Books of 2021

December 31st, 2021
6 min read

I like books that are hard to summarize. Hard to explain why they make sense. That challenge our use of language because the words we are reading don’t fit with our narrative of the world we live in.

2021 was a year of challenge, and 2022 will be a year in which we have to rewrite many of the narratives we have told ourselves over the years. Where we live, how we live, how we communicate with people, where we work, how we work, and for whom.

This year, reading each of the books below helped challenge me to think of a new narrative for the future.

Hoping you all have a great start to the new year and that these books can help guide you on a new path for what is turning out to be a whole new world.

- Kaushik

Monoculture by F.S. Michaels

A book that describes the ever-smaller circles that our culture is creating.

”Over time, the monoculture evolves into a nearly invisible foundation that structures and shapes our lives, giving us our sense of how the world works. It shapes our ideas about what’s normal and what we can expect from life.”

“Once we’re thrown off our habitual paths, we think all is lost; but it’s only here that the new and the good begins.” —LEO TOLSTOY

A game of birds and wolves by Simon Parkin

A remarkable story of how one man and a group of very intelligent women saved England and Europe from defeat in the Second World War.

”This was not the hyperbole of propaganda. Of the 39,000 men who went to sea in U-boats during the Second World War, seventy percent were killed in action. By contrast, only six percent of those who fought in the British Army died in combat.”

“This was Roberts’ masterstroke. By repeatedly playing through recent action at sea and using a game to understand the situation from all angles, he would be in a strong position to see where the British commanders had misunderstood the U-boats’ behavior. The process would enable him to formulate the first universal set of defensive tactics for the navy to use against U-boats, encouraging escort ships to work together like team-mates, rather than individuals.”

Ask Iwata by Satoru Iwata

A fascinating book about the philosophy and management style of Nintendo’s late CEO.
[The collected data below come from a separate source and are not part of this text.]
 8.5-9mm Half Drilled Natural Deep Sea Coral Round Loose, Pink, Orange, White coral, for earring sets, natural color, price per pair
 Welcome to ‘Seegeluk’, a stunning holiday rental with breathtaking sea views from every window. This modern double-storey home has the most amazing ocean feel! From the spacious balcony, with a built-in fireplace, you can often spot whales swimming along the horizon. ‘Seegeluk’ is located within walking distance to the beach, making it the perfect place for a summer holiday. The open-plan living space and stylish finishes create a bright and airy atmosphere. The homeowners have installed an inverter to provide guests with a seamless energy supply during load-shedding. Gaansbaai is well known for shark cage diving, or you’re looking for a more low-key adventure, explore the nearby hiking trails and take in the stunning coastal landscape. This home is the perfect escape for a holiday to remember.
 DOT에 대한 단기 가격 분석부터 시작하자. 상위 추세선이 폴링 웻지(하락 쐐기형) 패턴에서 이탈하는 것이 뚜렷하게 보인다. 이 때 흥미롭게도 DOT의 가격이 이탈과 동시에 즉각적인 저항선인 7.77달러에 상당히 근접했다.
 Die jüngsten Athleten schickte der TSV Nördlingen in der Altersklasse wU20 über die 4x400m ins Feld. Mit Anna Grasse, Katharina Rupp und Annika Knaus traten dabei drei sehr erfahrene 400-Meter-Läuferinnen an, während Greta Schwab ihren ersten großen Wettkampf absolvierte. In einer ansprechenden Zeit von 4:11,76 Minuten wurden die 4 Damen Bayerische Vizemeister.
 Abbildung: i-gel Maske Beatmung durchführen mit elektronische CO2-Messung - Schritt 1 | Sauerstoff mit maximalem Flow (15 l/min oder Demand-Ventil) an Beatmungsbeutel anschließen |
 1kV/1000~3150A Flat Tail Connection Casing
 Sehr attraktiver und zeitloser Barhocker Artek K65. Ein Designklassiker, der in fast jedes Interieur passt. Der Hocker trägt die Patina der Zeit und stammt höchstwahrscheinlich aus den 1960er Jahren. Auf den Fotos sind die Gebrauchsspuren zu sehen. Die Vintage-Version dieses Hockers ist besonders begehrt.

“This is why I spent my first month as president interviewing everybody at the company. The discoveries were endless”

“So how do you know when a project is going well? When someone points to a gray area in the initial plan, then asks you “Hey, can I take care of this?” and follows through.”
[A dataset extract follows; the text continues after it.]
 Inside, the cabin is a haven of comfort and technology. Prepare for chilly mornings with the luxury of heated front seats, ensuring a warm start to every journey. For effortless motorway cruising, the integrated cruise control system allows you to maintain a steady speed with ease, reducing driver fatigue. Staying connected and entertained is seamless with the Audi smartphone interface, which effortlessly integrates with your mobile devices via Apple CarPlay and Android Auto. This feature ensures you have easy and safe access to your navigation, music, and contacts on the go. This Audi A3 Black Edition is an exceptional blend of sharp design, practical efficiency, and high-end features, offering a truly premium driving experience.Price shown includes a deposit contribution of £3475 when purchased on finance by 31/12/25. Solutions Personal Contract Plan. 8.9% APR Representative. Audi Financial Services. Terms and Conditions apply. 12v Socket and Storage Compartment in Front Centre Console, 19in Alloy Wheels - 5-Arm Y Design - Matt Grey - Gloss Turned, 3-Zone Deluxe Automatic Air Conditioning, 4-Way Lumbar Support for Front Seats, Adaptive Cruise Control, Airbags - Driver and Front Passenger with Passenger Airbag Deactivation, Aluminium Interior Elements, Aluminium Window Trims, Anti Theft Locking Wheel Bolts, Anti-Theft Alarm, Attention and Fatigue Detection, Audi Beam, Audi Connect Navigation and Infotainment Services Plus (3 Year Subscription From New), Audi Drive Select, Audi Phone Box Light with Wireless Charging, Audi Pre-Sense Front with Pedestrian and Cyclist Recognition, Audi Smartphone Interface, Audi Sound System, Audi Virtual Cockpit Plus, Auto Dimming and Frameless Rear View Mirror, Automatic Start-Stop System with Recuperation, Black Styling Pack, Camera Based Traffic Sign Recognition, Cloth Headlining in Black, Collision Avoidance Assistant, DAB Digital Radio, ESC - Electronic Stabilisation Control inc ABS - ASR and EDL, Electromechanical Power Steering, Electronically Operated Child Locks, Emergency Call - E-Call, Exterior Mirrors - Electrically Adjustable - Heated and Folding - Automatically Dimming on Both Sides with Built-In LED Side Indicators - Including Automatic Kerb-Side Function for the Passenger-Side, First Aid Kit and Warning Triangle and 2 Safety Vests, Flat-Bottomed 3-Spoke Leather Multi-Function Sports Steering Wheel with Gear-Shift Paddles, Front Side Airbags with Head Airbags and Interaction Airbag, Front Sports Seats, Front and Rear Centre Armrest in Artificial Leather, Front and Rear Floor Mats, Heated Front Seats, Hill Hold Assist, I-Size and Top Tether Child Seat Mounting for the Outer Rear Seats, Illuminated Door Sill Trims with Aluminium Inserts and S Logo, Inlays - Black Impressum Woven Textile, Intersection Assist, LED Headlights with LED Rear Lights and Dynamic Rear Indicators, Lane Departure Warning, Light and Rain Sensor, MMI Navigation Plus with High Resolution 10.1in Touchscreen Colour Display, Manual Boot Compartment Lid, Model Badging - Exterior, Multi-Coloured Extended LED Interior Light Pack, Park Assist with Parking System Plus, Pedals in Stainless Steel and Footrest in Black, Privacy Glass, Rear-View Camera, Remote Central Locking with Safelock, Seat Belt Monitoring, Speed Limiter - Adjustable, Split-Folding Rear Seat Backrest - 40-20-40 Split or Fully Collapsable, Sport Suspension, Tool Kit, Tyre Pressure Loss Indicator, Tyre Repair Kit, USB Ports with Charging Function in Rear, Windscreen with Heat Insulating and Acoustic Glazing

"A good idea is something that solves multiple problems in a flash.” This is something that Shigeru Miyamoto taught me at Nintendo about making games.”

Dune by Frank Herbert

A focus on planet ecology and ancient cultures make Dune a unique read.

“A process cannot be understood by stopping it. Understanding must move with the flow of the process, must join it and flow with it.”

“Give as few orders as possible,” his father had told him…once…long ago. “Once you’ve given orders on a subject, you must always give orders on that subject.”

Maigret at the Coroner’s by Georges Simenon

Maigret comes to America to find out about police methods and finds a whole lot more.

If you have never read a Maigret mystery then please do, they transport you to Paris between 1930 and 1970 and give you a tremendous feeling for the city, its people, and the culture. In this book, Maigret takes a break from Paris and is visiting America on an exchange program for police officers to learn from each other’s methods. What he discovers is a new world of both Victorian values and booze-soaked 60’s free living. He finds a new style of policing all about relationships, networks, and consumerism and I am not sure he likes any of it.

Lila by Robert M. Pirsig

This follow-up to Zen and the Art of Motorcycle Maintenance is a deeper dive into the metaphysics of quality while sailing down the Hudson River valley.

“Cultural relativists held that it is unscientific to interpret values in culture B by the values of culture A. It would be wrong for an Australian Bushman anthropologist to come to New York and find people backward and primitive because hardly anyone could throw a boomerang properly. It is equally wrong for a New York anthropologist to go to Australia and find a Bushman backward and primitive because he cannot read or write. Cultures are unique historical patterns that contain their own values

and cannot be judged in terms of the values of other cultures. The cultural relativists, backed by Boas's doctrines of scientific empiricism, virtually wiped out the credibility of the older Victorian evolutionists and gave anthropology a shape it has had ever since.”